- _TASK DESCRIPTION_
Print all of the data below exactly as it appears, leaving out every image.

[Recorded data]
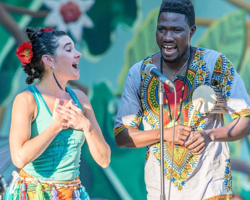 Marita Kennedy-Castro and Namory Keita singing with New Moon Ensemble at Congress Square, Portland, ME. Summer 2016.
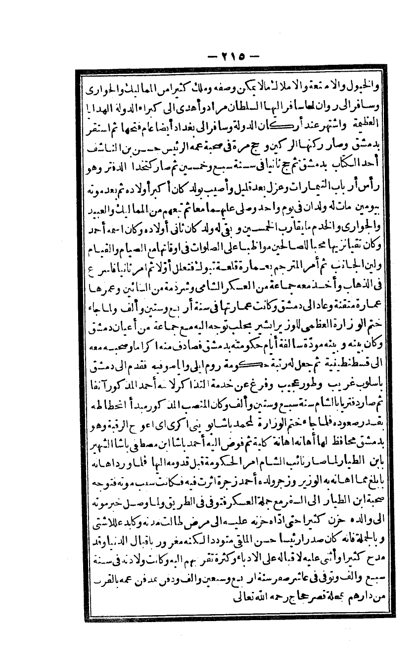 والخيول والامتعة والاملاك مَالا يُمكن وَصفه وَملك كثيرا من المماليك والجوارى وسافر الى روان لما سَافر اليها السُّلْطَان مُرَاد وَأهْدى الى كبراء الدولة الْهَدَايَا الْعَظِيمَة واشتهر عِنْد أَرْكَان الدولة وسافر الى بَغْدَاد أَيْضا عَام فتحهَا ثمَّ اسْتَقر بِدِمَشْق وَصَارَ ركنها الركني وَحج مرّة فى صُحْبَة عَمه الرئيس حسن بن الناشف أحد الْكتاب بِدِمَشْق ثمَّ حج ثَانِيًا فى سنة سبع وَخمسين ثمَّ صَار كتخدا الدفتر وَهُوَ رَأس أَرْبَاب التيمارات وعزل بعد قَلِيل وَأُصِيب بِولد كَانَ أكبر أَوْلَاده ثمَّ بعد مَوته بيومين مَاتَ لَهُ ولدان فى يَوْم وَاحِد وَصلى عَلَيْهِمَا مَعًا ثمَّ تَبِعَهُمْ من المماليك وَالْعَبِيد والجوارى والخدم مَا يُقَارب الْخمسين وبقى لَهُ ولد كَانَ ثانى أَوْلَاده وَكَانَ اسْمه أَحْمد وَكَانَ تقيا نزيها محبا للصالحين مواظبا على الصَّلَوَات فى اوقاتها مَعَ الصّيام وَالْقِيَام ولين الْجَانِب ثمَّ أَمر المترجم بعمارة قلعة تَبُوك فتعلل أَولا ثمَّ امْر ثَانِيًا فاسرع فى الذّهاب وَأخذ مَعَه جمَاعَة من الْعَسْكَر الشامى وشرذمة من البنائين وعمرها عمَارَة متقنة وَعَاد الى دمشق وَكَانَت عمارتها فى سنة أَربع وَسِتِّينَ وَألف وَلما جَاءَ ختم الوزارة الْعُظْمَى للوزير أبشير بحلب توجه اليه مَعَ جمَاعَة من أَعْيَان دمشق وَكَانَ بَينه وَبَينه مَوَدَّة سالفة أَيَّام حكومته بِدِمَشْق فصادف مِنْهُ اكراما وَصَحبه مَعَه الى قسطنيطينية ثمَّ جعل لَهُ رُتْبَة حُكُومَة روم ايلى وايا صوفيه فَقدم الى دمشق باسلوب غَرِيب وطور عَجِيب وَفرغ من خدمَة التذاكر لِابْنِهِ أَحْمد الْمَذْكُور آنِفا ثمَّ صَار دفتريا بِالشَّام سنة سبع وَسِتِّينَ وَألف وَكَانَ المنصب الْمَذْكُور مبدأ انحطاطه بِقدر صُعُوده فَلَمَّا جَاءَ ختم الوزارة لمُحَمد باشا بوينى اكرى اى اعوج الرَّقَبَة وَهُوَ بِدِمَشْق محافظ لَهَا أهانه اهانة كُلية ثمَّ فوض اليه أَحْمد باشا ابْن مصطفى باشا الشهير بِابْن الطيار لماصار نَائِب الشَّام امْر الْحُكُومَة قبل قدومه اليها فَلَمَّا ورد اهانه بابلغ مِمَّا اهانه بِهِ الْوَزير وزجر وَلَده أَحْمد زَجْرَة اثرت فِيهِ فَكَانَت سَبَب مَوته فَتوجه صُحْبَة ابْن الطيار الى السّفر مَعَ جملَة الْعَسْكَر فتوفى فى الطَّرِيق وَلما وصل خبر مَوته الى وَالِده حزن كثيرا حَتَّى اداه حزنه عَلَيْهِ الى مرض طَالَتْ مدَّته وكابد عللا شَتَّى وَبِالْجُمْلَةِ فانه كَانَ صَدرا رَئِيسا حسن الْملقى متوددا لكنه مغرور باقبال الدُّنْيَا وَقد مدح كثيرا وَأثْنى عَلَيْهِ لاقباله على الادباء وَكَثْرَة تقربهم اليه وَكَانَت وِلَادَته فى سنة سبع والف وَتوفى فى عَاشر صفر سنة ارْبَعْ وَسبعين والف وَدفن بمدفن عَمه بِالْقربِ من دَارهم بمحلة قصر حجاج رَحمَه الله تَعَالَى
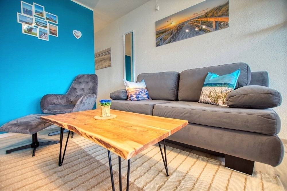 Wohn-/Essbereich mit Couch, Relax-Sessel und Flachbild-TV. Schlafbereich mit Doppelbett, TV und dekorativer Mittelwand. Separates Kinderzimmer mit Etagenbett und TV. Designboden, teilweise gefliest. Küche mit Ceranfeld, Backofen, Geschirrspüler, Mikrowelle, Kühlschrank, Kaffeemaschine, Eierkocher, Toaster, Wasserkocher. Bad mit Duschkabine. Kostenloses WLAN, freier Eintritt in die „Schatzinsel" im Aktiv-Hus. Nichtraucherwohnung, keine Haustiere, Fahrstuhl, Fahrradräume, Parkplatz vorhanden. Strand ca. 300 m entfernt.
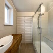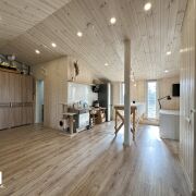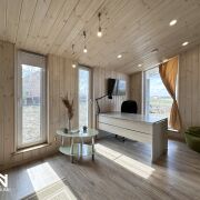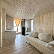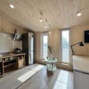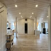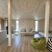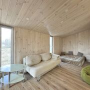 Внутреннее и внешнее пространство защищены качественной вентиляцией, чтобы избежать появления плесени. Благодаря толстому утеплению (200 мм в стенах, 300 мм в полу и 250 мм в крыше) дом подходит для круглогодичного проживания.
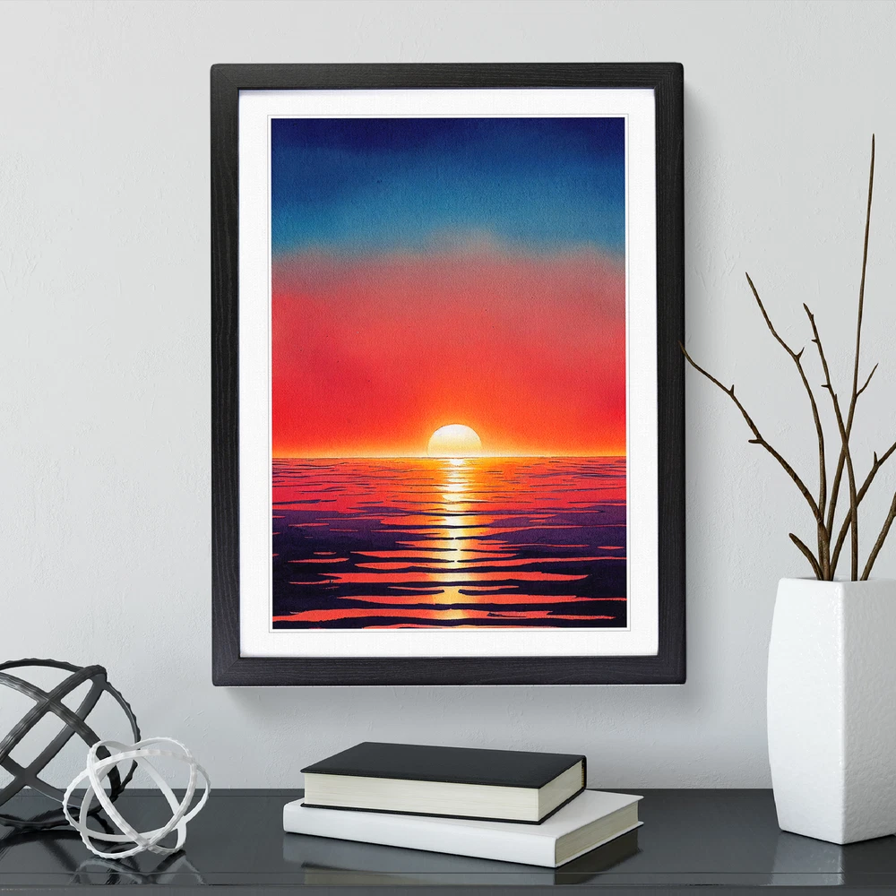 Transform your living space with our captivating framed wall art prints. Crafted in the UK, the stunning An Ocean Sunset Watercolour No.7 framed print is designed to elevate your home decor. We utilise high-quality inks to ensure the colours of the artwork are rich, vibrant, and true to life. The print seamlessly fits within a contemporary frame, creating a stylish wall art picture that is ready to hang in your living room, lounge, bedroom, dining room and home office. Visit Our Shop eBay Message Framed Art Print Enhance your living space and showcase your individual style with our framed prints. Each design is printed upon premium art paper with fade-resistant inks, ensuring the colours remain rich and vibrant for years to come. The print is encased in a ready-to-hang frame, offered in black, oak, or walnut, and safeguarded by shatter-resistant Perspex. An ideal addition to your home, and the perfect gift choice. Like what you see? Visit our eBay store to see more. Premium Quality : The design is printed on quality art paper, enhanced with fade-resistant colours. Ready to Hang : The frame is pre-fitted with hanging hardware, making wall mounting simple, safe and secure. Frame Dimensions : A4 - 25 x 34 cm / A3 - 34 x 46 cm / A2 - 46 x 64 cm. Fast Shipping : Prompt, reliable UK-based dispatch. Customer Satisfaction : Our priority is your satisfaction which is why we offer a hassle-free return policy. Payment You can pay for your order safely and securely via credit or debit card, Apple Pay, Google Pay, and PayPal. Shipping Production times are 1 to 2 working days. Orders are sent via Royal Mail or Evri (depending on size). Returns For your peace of mind, we have a 30-day returns policy in place. Please, contact us for more details. At Big Box Art, we are dedicated to providing high-quality wall art and decorative homeware items. From the outset, we've focused on excellence in our products, service, and reputation, continually enhancing our standards. With an extensive selection of designs, you're certain to discover the perfect piece to suit your taste. ? Copyright 2021, Big Box Art. All rights reserved. Made with by eBayshopdesign.org

- _OUTPUT OF THE TASK_
 Marita Kennedy-Castro and Namory Keita singing with New Moon Ensemble at Congress Square, Portland, ME. Summer 2016.
 والخيول والامتعة والاملاك مَالا يُمكن وَصفه وَملك كثيرا من المماليك والجوارى وسافر الى روان لما سَافر اليها السُّلْطَان مُرَاد وَأهْدى الى كبراء الدولة الْهَدَايَا الْعَظِيمَة واشتهر عِنْد أَرْكَان الدولة وسافر الى بَغْدَاد أَيْضا عَام فتحهَا ثمَّ اسْتَقر بِدِمَشْق وَصَارَ ركنها الركني وَحج مرّة فى صُحْبَة عَمه الرئيس حسن بن الناشف أحد الْكتاب بِدِمَشْق ثمَّ حج ثَانِيًا فى سنة سبع وَخمسين ثمَّ صَار كتخدا الدفتر وَهُوَ رَأس أَرْبَاب التيمارات وعزل بعد قَلِيل وَأُصِيب بِولد كَانَ أكبر أَوْلَاده ثمَّ بعد مَوته بيومين مَاتَ لَهُ ولدان فى يَوْم وَاحِد وَصلى عَلَيْهِمَا مَعًا ثمَّ تَبِعَهُمْ من المماليك وَالْعَبِيد والجوارى والخدم مَا يُقَارب الْخمسين وبقى لَهُ ولد كَانَ ثانى أَوْلَاده وَكَانَ اسْمه أَحْمد وَكَانَ تقيا نزيها محبا للصالحين مواظبا على الصَّلَوَات فى اوقاتها مَعَ الصّيام وَالْقِيَام ولين الْجَانِب ثمَّ أَمر المترجم بعمارة قلعة تَبُوك فتعلل أَولا ثمَّ امْر ثَانِيًا فاسرع فى الذّهاب وَأخذ مَعَه جمَاعَة من الْعَسْكَر الشامى وشرذمة من البنائين وعمرها عمَارَة متقنة وَعَاد الى دمشق وَكَانَت عمارتها فى سنة أَربع وَسِتِّينَ وَألف وَلما جَاءَ ختم الوزارة الْعُظْمَى للوزير أبشير بحلب توجه اليه مَعَ جمَاعَة من أَعْيَان دمشق وَكَانَ بَينه وَبَينه مَوَدَّة سالفة أَيَّام حكومته بِدِمَشْق فصادف مِنْهُ اكراما وَصَحبه مَعَه الى قسطنيطينية ثمَّ جعل لَهُ رُتْبَة حُكُومَة روم ايلى وايا صوفيه فَقدم الى دمشق باسلوب غَرِيب وطور عَجِيب وَفرغ من خدمَة التذاكر لِابْنِهِ أَحْمد الْمَذْكُور آنِفا ثمَّ صَار دفتريا بِالشَّام سنة سبع وَسِتِّينَ وَألف وَكَانَ المنصب الْمَذْكُور مبدأ انحطاطه بِقدر صُعُوده فَلَمَّا جَاءَ ختم الوزارة لمُحَمد باشا بوينى اكرى اى اعوج الرَّقَبَة وَهُوَ بِدِمَشْق محافظ لَهَا أهانه اهانة كُلية ثمَّ فوض اليه أَحْمد باشا ابْن مصطفى باشا الشهير بِابْن الطيار لماصار نَائِب الشَّام امْر الْحُكُومَة قبل قدومه اليها فَلَمَّا ورد اهانه بابلغ مِمَّا اهانه بِهِ الْوَزير وزجر وَلَده أَحْمد زَجْرَة اثرت فِيهِ فَكَانَت سَبَب مَوته فَتوجه صُحْبَة ابْن الطيار الى السّفر مَعَ جملَة الْعَسْكَر فتوفى فى الطَّرِيق وَلما وصل خبر مَوته الى وَالِده حزن كثيرا حَتَّى اداه حزنه عَلَيْهِ الى مرض طَالَتْ مدَّته وكابد عللا شَتَّى وَبِالْجُمْلَةِ فانه كَانَ صَدرا رَئِيسا حسن الْملقى متوددا لكنه مغرور باقبال الدُّنْيَا وَقد مدح كثيرا وَأثْنى عَلَيْهِ لاقباله على الادباء وَكَثْرَة تقربهم اليه وَكَانَت وِلَادَته فى سنة سبع والف وَتوفى فى عَاشر صفر سنة ارْبَعْ وَسبعين والف وَدفن بمدفن عَمه بِالْقربِ من دَارهم بمحلة قصر حجاج رَحمَه الله تَعَالَى
 Wohn-/Essbereich mit Couch, Relax-Sessel und Flachbild-TV. Schlafbereich mit Doppelbett, TV und dekorativer Mittelwand. Separates Kinderzimmer mit Etagenbett und TV. Designboden, teilweise gefliest. Küche mit Ceranfeld, Backofen, Geschirrspüler, Mikrowelle, Kühlschrank, Kaffeemaschine, Eierkocher, Toaster, Wasserkocher. Bad mit Duschkabine. Kostenloses WLAN, freier Eintritt in die „Schatzinsel" im Aktiv-Hus. Nichtraucherwohnung, keine Haustiere, Fahrstuhl, Fahrradräume, Parkplatz vorhanden. Strand ca. 300 m entfernt.
 Внутреннее и внешнее пространство защищены качественной вентиляцией, чтобы избежать появления плесени. Благодаря толстому утеплению (200 мм в стенах, 300 мм в полу и 250 мм в крыше) дом подходит для круглогодичного проживания.
 Transform your living space with our captivating framed wall art prints. Crafted in the UK, the stunning An Ocean Sunset Watercolour No.7 framed print is designed to elevate your home decor. We utilise high-quality inks to ensure the colours of the artwork are rich, vibrant, and true to life. The print seamlessly fits within a contemporary frame, creating a stylish wall art picture that is ready to hang in your living room, lounge, bedroom, dining room and home office. Visit Our Shop eBay Message Framed Art Print Enhance your living space and showcase your individual style with our framed prints. Each design is printed upon premium art paper with fade-resistant inks, ensuring the colours remain rich and vibrant for years to come. The print is encased in a ready-to-hang frame, offered in black, oak, or walnut, and safeguarded by shatter-resistant Perspex. An ideal addition to your home, and the perfect gift choice. Like what you see? Visit our eBay store to see more. Premium Quality : The design is printed on quality art paper, enhanced with fade-resistant colours. Ready to Hang : The frame is pre-fitted with hanging hardware, making wall mounting simple, safe and secure. Frame Dimensions : A4 - 25 x 34 cm / A3 - 34 x 46 cm / A2 - 46 x 64 cm. Fast Shipping : Prompt, reliable UK-based dispatch. Customer Satisfaction : Our priority is your satisfaction which is why we offer a hassle-free return policy. Payment You can pay for your order safely and securely via credit or debit card, Apple Pay, Google Pay, and PayPal. Shipping Production times are 1 to 2 working days. Orders are sent via Royal Mail or Evri (depending on size). Returns For your peace of mind, we have a 30-day returns policy in place. Please, contact us for more details. At Big Box Art, we are dedicated to providing high-quality wall art and decorative homeware items. From the outset, we've focused on excellence in our products, service, and reputation, continually enhancing our standards. With an extensive selection of designs, you're certain to discover the perfect piece to suit your taste. ? Copyright 2021, Big Box Art. All rights reserved. Made with by eBayshopdesign.org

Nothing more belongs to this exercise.